As it turns out the insurance company rejected the brand of hGH that was prescribed for me. They gave me the ok for a growth hormone was just FDA-approved for adults on 11/4/04. The day this medication was approved for adults was the day after my insurance said that’s what is preferred for me. In the past, this form of hGH was only approved for children with height issues. Am I going to be a ginuea pig again? The new GH company has assigned a rep for me, has submitted info to the pharmacy, waiting for insurance approval, again.

December 2004 ~ I finally started the Growth Hormone last night – it’s like a rebirth for me.
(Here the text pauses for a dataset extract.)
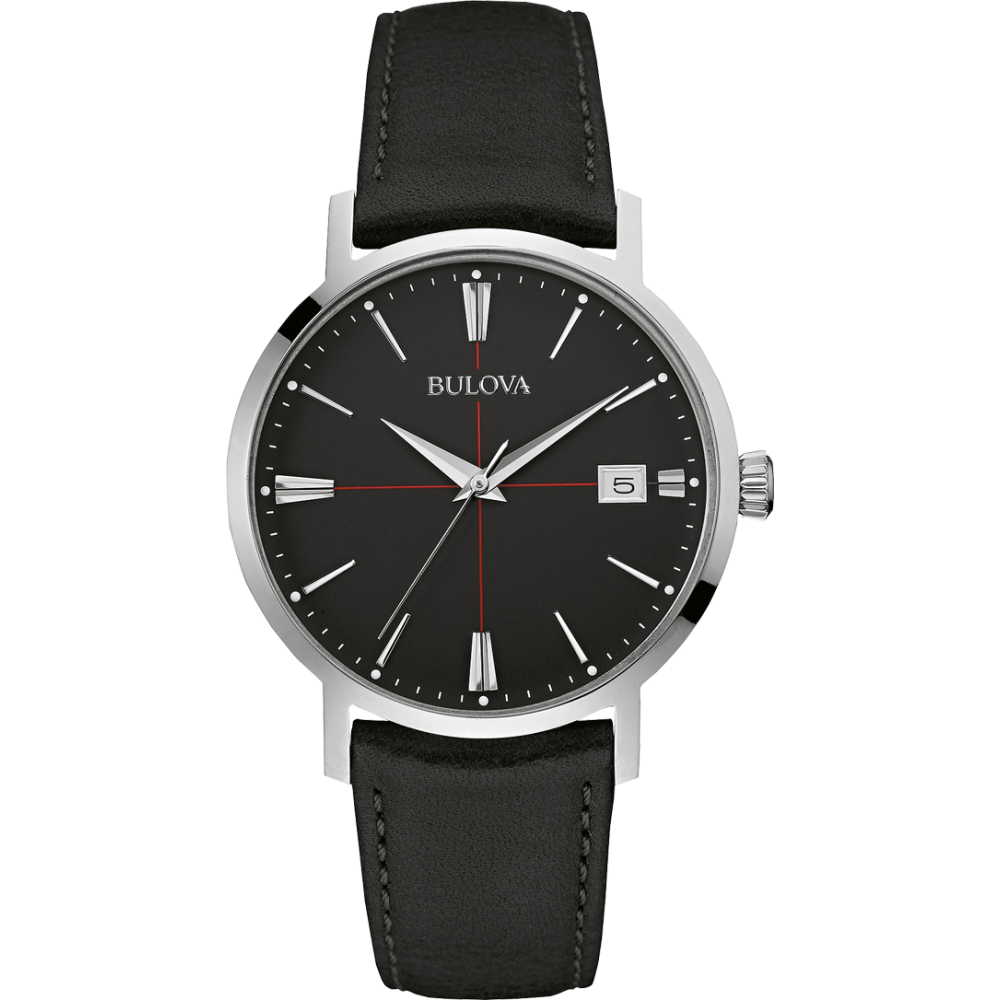 FACE SHAPE – Circular FACE COLOUR – Black BAND TYPE – Strap BAND MATERIAL – Leather:Black MOVEMENT – Quartz CASE – Stainless Steel CRYSTAL – Mineral Flat FEATURE – Date DIAL TYPE – Analogue CONSTRUCTION – 30m/100ft (3 ATM) DIMENSIONS – Diameter 39.0 mm; Thickness 8 mm From the Aerojet collection. It sports a black leather strap and a stainless steel case which complements the black face. We are a Bulova UK authorised dealer Brand new boxed stock with full retail boxes & paperwork 3 year warranty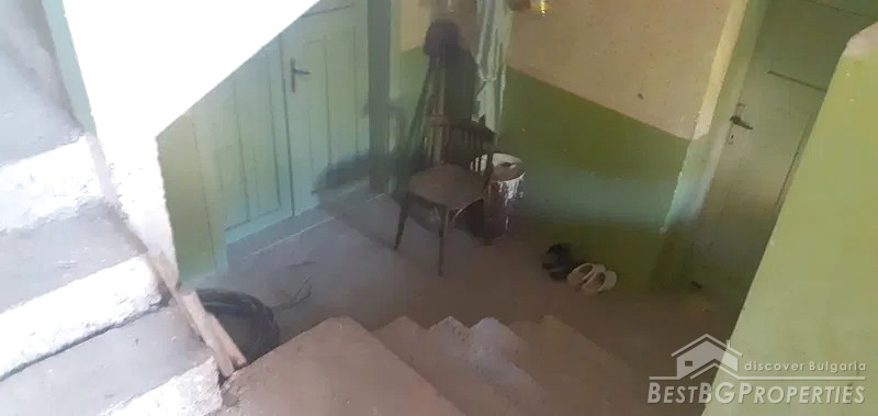 The house has an area of 68.00 sq m and is built on a plot with size 1568.00 sq m. It has two floors in total. The first floor consists of a kitchen, basement, bedroom and internal staircase. The distribution of the second floor is as follows: kitchen, living room, two bedrooms and a large terrace with an external staircase. The house has two entrances.

I look forward to having my life back in a few months!

January 2005 ~After a lot of phone calls and paperwork, the insurance company finally came through at the very last minute, just as I needed my second month’s supply. Of course, the pharmacy wouldn’t send it unless they were paid for the first month. They had verbal approval from the insurance, but the actual claim was denied. Talk about a cliff hanger!

Later January 2005 ~I’ve been on the growth hormone for 7 weeks now, and see no change in my tiredness and fatigue. A couple weeks ago, I thought there was a bit of improvement. I even exercised a little again, but that was short lived.

I feel like my stomach is getting bigger, and Tom says my face is looking more Cushie again. Maybe from the cortisone I’ve been taking since October. I can’t wait until my next endo appointment in March to increase my GH. I want to feel better already!

March 2005 ~ My IGF-1 was “normal” so I can’t increase the GH.

September 2005 ~ I don’t see any benefit with the growth hormone.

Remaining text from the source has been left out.